NUNA_FORK/guidebook/02_gdrive_cleanup_docs.md
genxapitrading 54269492eb Initial commit
2026-02-03 06:17:08 +00:00

99 lines
3.3 KiB
Markdown

# `gdrive_cleanup.py` Documentation
This document provides detailed documentation for the `gdrive_cleanup.py` script.
## Purpose
The `gdrive_cleanup.py` script is a tool for auditing and cleaning up your Google Drive. It can be used to:
* Identify the largest files in your Google Drive.
* Find duplicate files based on their MD5 checksum.
* Move files to the trash (but not permanently delete them).
## Setup
1. **Enable the Google Drive API:**
* Go to the [Google Cloud Console](https://console.cloud.google.com/).
* Create a new project or select an existing one.
* In the **APIs & Services** > **Library**, search for "Google Drive API" and enable it.
2. **Create OAuth 2.0 credentials:**
* In the **APIs & Services** > **Credentials**, create a new **OAuth client ID**.
* Select **Desktop app** as the application type.
* Download the JSON file and save it as `credentials.json` in the root of this repository.
## Commands
The `gdrive_cleanup.py` script has several commands, each with its own set of arguments.
### `audit`
The `audit` command scans your Google Drive and reports the largest files.
**Usage:**
```bash
python3 gdrive_cleanup.py audit [ARGUMENTS]
```
**Arguments:**
* `--top <N>`: The number of largest files to show (default: 25).
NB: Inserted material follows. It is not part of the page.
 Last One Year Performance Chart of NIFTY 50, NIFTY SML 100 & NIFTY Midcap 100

* `--show-links`: Show the `webViewLink` for each file.
* `--csv <PATH>`: Write the full file list to a CSV file.
* `--json <PATH>`: Write the full file list to a JSON file.
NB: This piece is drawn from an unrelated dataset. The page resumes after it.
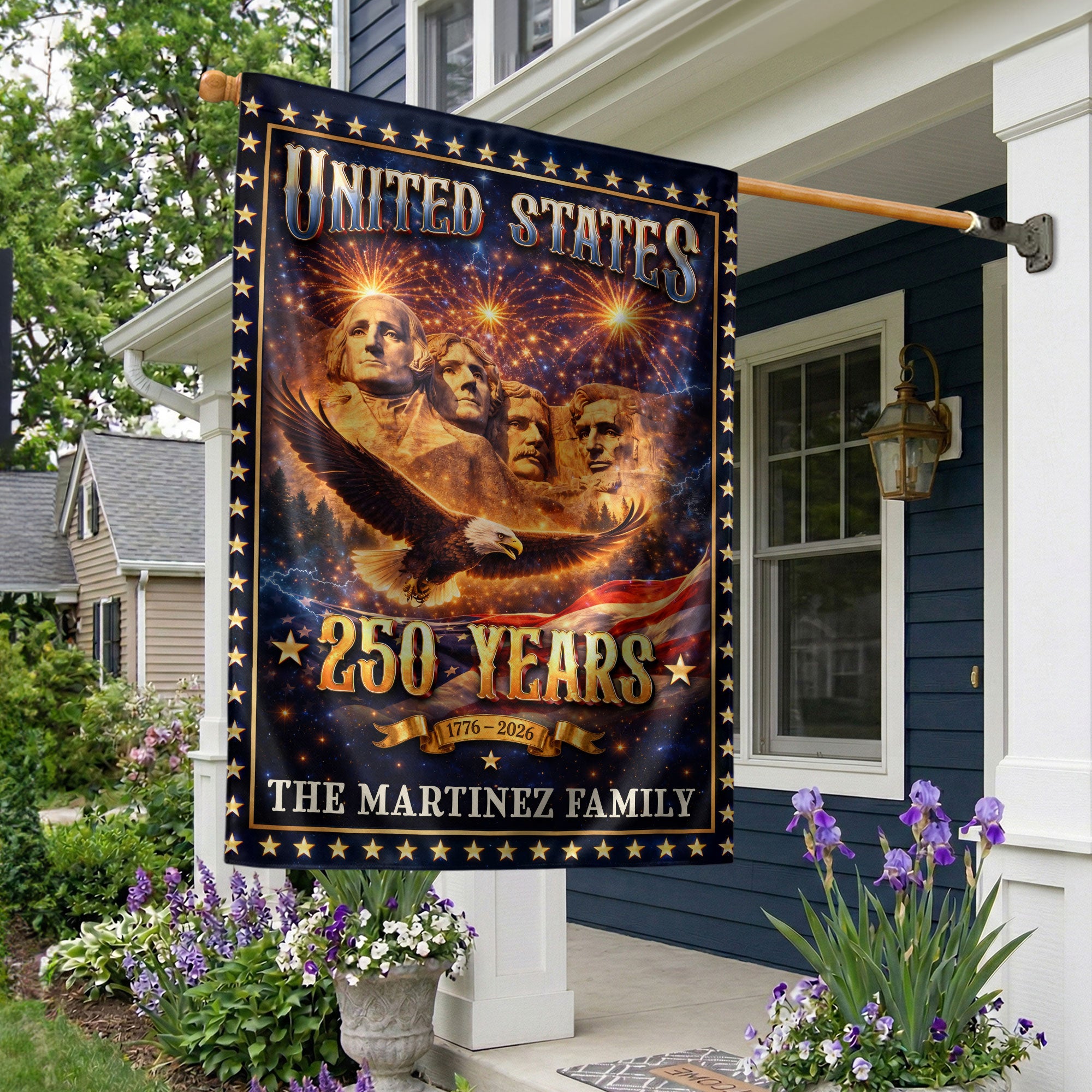 Celebrate America’s 250th anniversary with this Mount Rushmore Patriotic Garden Flag featuring a custom family name. The striking design showcases the iconic Mount Rushmore presidents, a soaring bald eagle, vibrant fireworks, and a bold ‘United States’ header. The commemorative ‘250 Years 1776-2026’ banner adds historical significance, making it a perfect heritage display for your garden, yard, or porch. Crafted for outdoor durability, this personalized banner withstands weather elements while proudly displaying your family name alongside timeless American symbols. Ideal for patriotic holidays like Independence Day, Memorial Day, or everyday display to honor national pride and family legacy.

* `--query <QUERY>`: A Google Drive API query to filter the files.
### `duplicates`
The `duplicates` command finds duplicate files based on their MD5 checksum.
**Usage:**
```bash
python3 gdrive_cleanup.py duplicates [ARGUMENTS]
```
**Arguments:**
* `--show <N>`: The number of duplicate groups to print (default: 10).
* `--show-per-group <N>`: The number of items per group to print (default: 5).
* `--plan-json <PATH>`: Write the duplicate groups to a JSON file for review.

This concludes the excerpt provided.